The authors found that these cruciferous vegetables do in fact reduce genetic damage from free radicals by being a “potent source of antioxidants that may offer protection against oxidant induced damage in human beings.” 

The authors also found that in addition to neutralizing free radicals that there is a secondary mechanism of protection against oxidative damage by stimulating the body’s own detoxification mechanisms. “The induction of phase 2 detoxification enzymes provides protection against electrophilic [electron-deficient molecules] and oxidant induced damage.” 

Cruciferous vegetables contain phytochemicals known as glucosinolates that are converted in the body to bioactive substances called isothiocyanates or ITCs. “ITCs are potent inducers of phase II detoxification enzymes in mammals.” 

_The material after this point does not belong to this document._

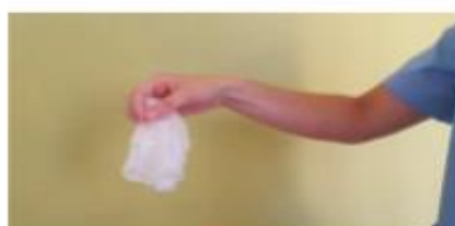
Retirar los dos guantes en el contenedor adecuado

ITCs act to prevent cancer at three different stages. First, ITCs prevent carcinogenic activation by stopping certain cancer promoting enzymes. Second, they help with phase II enzymes that result in the elimination of potential carcinogens from the body. Third, ITCs can induce apoptosis, or cell death of damaged cells. These ITC mechanisms are consistent with the results of many studies “which have suggested a reduced risk of cancer, particularly of the gastrointestinal tract, through the consumption of cruciferous vegetables.” 

Examining the vegetables they authors found that the different vegetables had different effects on their ability to detoxify. Both broccoli and Rorripa were found to be the strongest in helping to form enzymes that help rid the body of carcinogenic chemicals. 

The authors conclude, “Green leaf vegetables are potential sources of antioxidants and phase II detoxification enzyme inducers in the Asian diet. It is likely that consumption of such vegetables is a major source of beneficial phytochemical constituents that may protect against colonic damage.”